---------- Given entries ----------

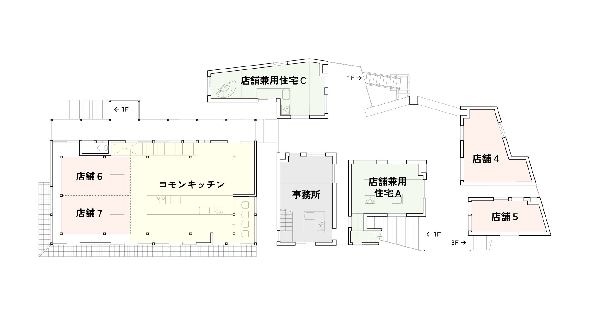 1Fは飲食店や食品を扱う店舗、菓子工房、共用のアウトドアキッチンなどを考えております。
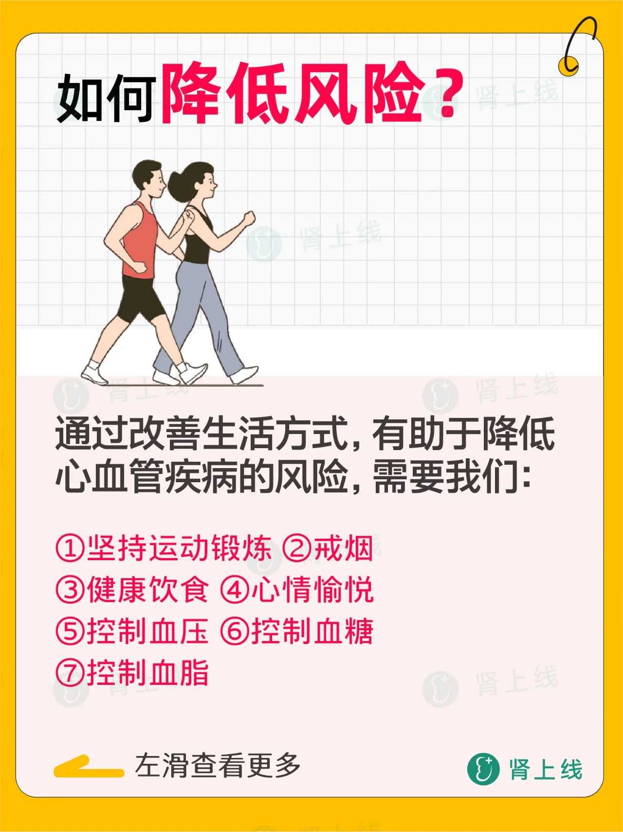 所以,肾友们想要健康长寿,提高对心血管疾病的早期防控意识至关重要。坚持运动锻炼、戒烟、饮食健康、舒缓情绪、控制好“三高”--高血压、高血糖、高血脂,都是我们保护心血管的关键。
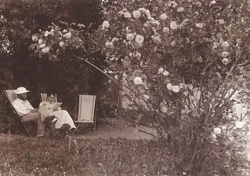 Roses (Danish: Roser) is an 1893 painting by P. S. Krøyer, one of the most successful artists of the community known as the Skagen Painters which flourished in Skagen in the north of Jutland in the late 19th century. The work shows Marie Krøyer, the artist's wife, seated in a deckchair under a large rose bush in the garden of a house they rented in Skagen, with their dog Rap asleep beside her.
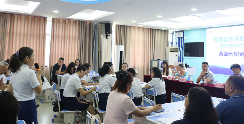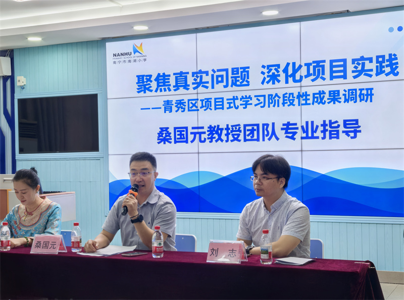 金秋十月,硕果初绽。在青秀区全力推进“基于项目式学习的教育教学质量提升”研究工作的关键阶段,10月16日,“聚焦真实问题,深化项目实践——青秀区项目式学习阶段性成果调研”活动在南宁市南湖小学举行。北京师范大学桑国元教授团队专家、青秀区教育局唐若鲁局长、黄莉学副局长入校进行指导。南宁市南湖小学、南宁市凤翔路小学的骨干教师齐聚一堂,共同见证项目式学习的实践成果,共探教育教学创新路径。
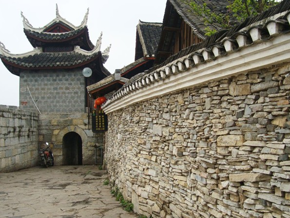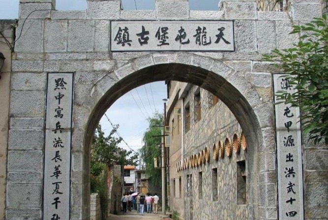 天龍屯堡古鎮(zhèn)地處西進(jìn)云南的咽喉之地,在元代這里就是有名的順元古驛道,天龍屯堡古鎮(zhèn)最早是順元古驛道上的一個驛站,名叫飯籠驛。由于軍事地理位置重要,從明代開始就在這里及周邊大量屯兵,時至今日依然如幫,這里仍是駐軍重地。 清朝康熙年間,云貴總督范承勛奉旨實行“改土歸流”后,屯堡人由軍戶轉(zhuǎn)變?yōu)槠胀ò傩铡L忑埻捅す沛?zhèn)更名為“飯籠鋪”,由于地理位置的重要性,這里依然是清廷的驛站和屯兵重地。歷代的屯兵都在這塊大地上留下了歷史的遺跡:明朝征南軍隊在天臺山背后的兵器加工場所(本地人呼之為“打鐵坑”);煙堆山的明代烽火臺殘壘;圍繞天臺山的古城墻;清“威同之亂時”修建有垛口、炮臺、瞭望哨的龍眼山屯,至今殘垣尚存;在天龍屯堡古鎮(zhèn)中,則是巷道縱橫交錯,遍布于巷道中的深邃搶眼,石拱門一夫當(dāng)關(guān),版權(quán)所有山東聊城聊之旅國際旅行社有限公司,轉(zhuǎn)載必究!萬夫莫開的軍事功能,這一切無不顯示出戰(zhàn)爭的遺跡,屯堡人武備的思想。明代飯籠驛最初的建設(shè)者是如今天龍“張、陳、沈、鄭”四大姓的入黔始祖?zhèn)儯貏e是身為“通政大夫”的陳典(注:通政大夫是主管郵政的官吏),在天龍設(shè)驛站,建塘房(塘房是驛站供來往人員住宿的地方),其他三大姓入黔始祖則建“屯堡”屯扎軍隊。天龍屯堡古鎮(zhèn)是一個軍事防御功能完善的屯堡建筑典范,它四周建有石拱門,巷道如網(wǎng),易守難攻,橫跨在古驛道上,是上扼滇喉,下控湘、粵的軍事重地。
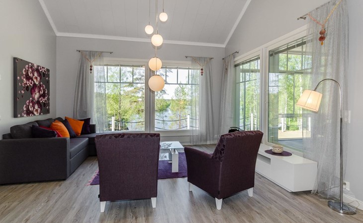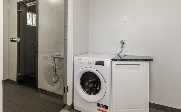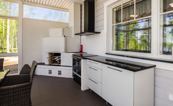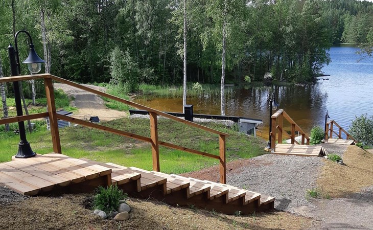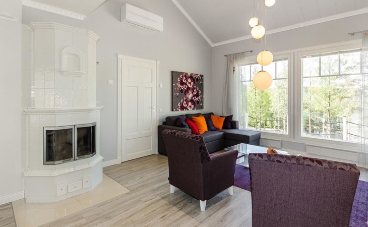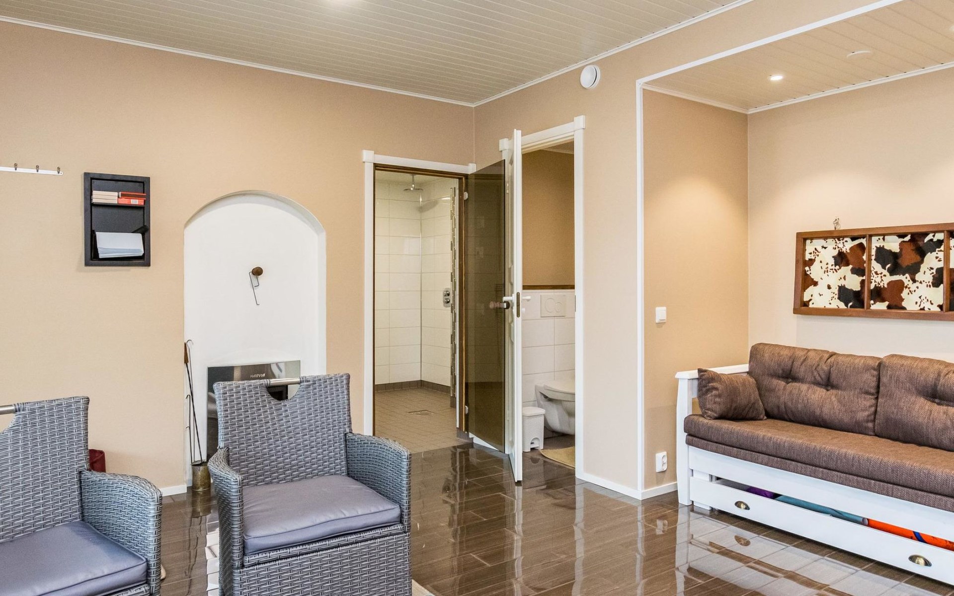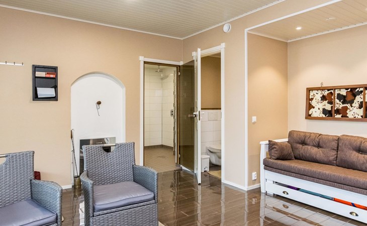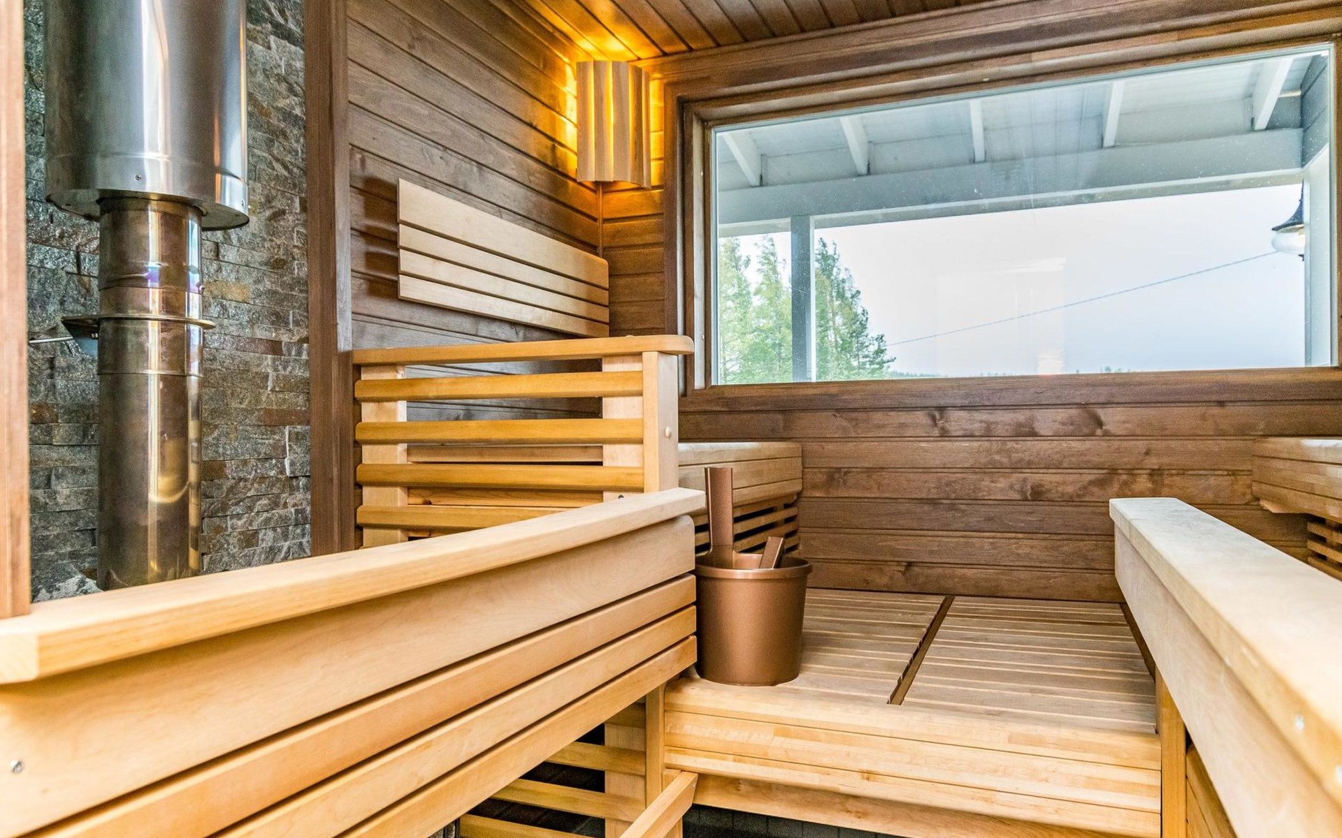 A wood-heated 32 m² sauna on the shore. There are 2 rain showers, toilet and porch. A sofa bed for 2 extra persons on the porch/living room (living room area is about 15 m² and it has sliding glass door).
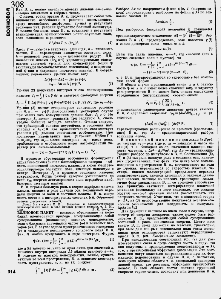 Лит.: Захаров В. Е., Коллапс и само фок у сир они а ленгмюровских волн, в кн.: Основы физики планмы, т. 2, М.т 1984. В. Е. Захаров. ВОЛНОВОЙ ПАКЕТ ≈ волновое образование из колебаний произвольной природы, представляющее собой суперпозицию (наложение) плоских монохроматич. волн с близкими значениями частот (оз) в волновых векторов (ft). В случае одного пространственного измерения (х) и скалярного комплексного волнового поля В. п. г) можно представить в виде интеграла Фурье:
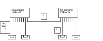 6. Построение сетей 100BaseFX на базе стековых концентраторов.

----------

→ What is needed
Without any pictures, transcribe the listing above exactly as written.

→ Finished exercise
 1Fは飲食店や食品を扱う店舗、菓子工房、共用のアウトドアキッチンなどを考えております。
 所以,肾友们想要健康长寿,提高对心血管疾病的早期防控意识至关重要。坚持运动锻炼、戒烟、饮食健康、舒缓情绪、控制好“三高”--高血压、高血糖、高血脂,都是我们保护心血管的关键。
 Roses (Danish: Roser) is an 1893 painting by P. S. Krøyer, one of the most successful artists of the community known as the Skagen Painters which flourished in Skagen in the north of Jutland in the late 19th century. The work shows Marie Krøyer, the artist's wife, seated in a deckchair under a large rose bush in the garden of a house they rented in Skagen, with their dog Rap asleep beside her.
 金秋十月,硕果初绽。在青秀区全力推进“基于项目式学习的教育教学质量提升”研究工作的关键阶段,10月16日,“聚焦真实问题,深化项目实践——青秀区项目式学习阶段性成果调研”活动在南宁市南湖小学举行。北京师范大学桑国元教授团队专家、青秀区教育局唐若鲁局长、黄莉学副局长入校进行指导。南宁市南湖小学、南宁市凤翔路小学的骨干教师齐聚一堂,共同见证项目式学习的实践成果,共探教育教学创新路径。
 天龍屯堡古鎮(zhèn)地處西進(jìn)云南的咽喉之地,在元代這里就是有名的順元古驛道,天龍屯堡古鎮(zhèn)最早是順元古驛道上的一個驛站,名叫飯籠驛。由于軍事地理位置重要,從明代開始就在這里及周邊大量屯兵,時至今日依然如幫,這里仍是駐軍重地。 清朝康熙年間,云貴總督范承勛奉旨實行“改土歸流”后,屯堡人由軍戶轉(zhuǎn)變?yōu)槠胀ò傩铡L忑埻捅す沛?zhèn)更名為“飯籠鋪”,由于地理位置的重要性,這里依然是清廷的驛站和屯兵重地。歷代的屯兵都在這塊大地上留下了歷史的遺跡:明朝征南軍隊在天臺山背后的兵器加工場所(本地人呼之為“打鐵坑”);煙堆山的明代烽火臺殘壘;圍繞天臺山的古城墻;清“威同之亂時”修建有垛口、炮臺、瞭望哨的龍眼山屯,至今殘垣尚存;在天龍屯堡古鎮(zhèn)中,則是巷道縱橫交錯,遍布于巷道中的深邃搶眼,石拱門一夫當(dāng)關(guān),版權(quán)所有山東聊城聊之旅國際旅行社有限公司,轉(zhuǎn)載必究!萬夫莫開的軍事功能,這一切無不顯示出戰(zhàn)爭的遺跡,屯堡人武備的思想。明代飯籠驛最初的建設(shè)者是如今天龍“張、陳、沈、鄭”四大姓的入黔始祖?zhèn)儯貏e是身為“通政大夫”的陳典(注:通政大夫是主管郵政的官吏),在天龍設(shè)驛站,建塘房(塘房是驛站供來往人員住宿的地方),其他三大姓入黔始祖則建“屯堡”屯扎軍隊。天龍屯堡古鎮(zhèn)是一個軍事防御功能完善的屯堡建筑典范,它四周建有石拱門,巷道如網(wǎng),易守難攻,橫跨在古驛道上,是上扼滇喉,下控湘、粵的軍事重地。
 A wood-heated 32 m² sauna on the shore. There are 2 rain showers, toilet and porch. A sofa bed for 2 extra persons on the porch/living room (living room area is about 15 m² and it has sliding glass door).
 Лит.: Захаров В. Е., Коллапс и само фок у сир они а ленгмюровских волн, в кн.: Основы физики планмы, т. 2, М.т 1984. В. Е. Захаров. ВОЛНОВОЙ ПАКЕТ ≈ волновое образование из колебаний произвольной природы, представляющее собой суперпозицию (наложение) плоских монохроматич. волн с близкими значениями частот (оз) в волновых векторов (ft). В случае одного пространственного измерения (х) и скалярного комплексного волнового поля В. п. г) можно представить в виде интеграла Фурье:
 6. Построение сетей 100BaseFX на базе стековых концентраторов.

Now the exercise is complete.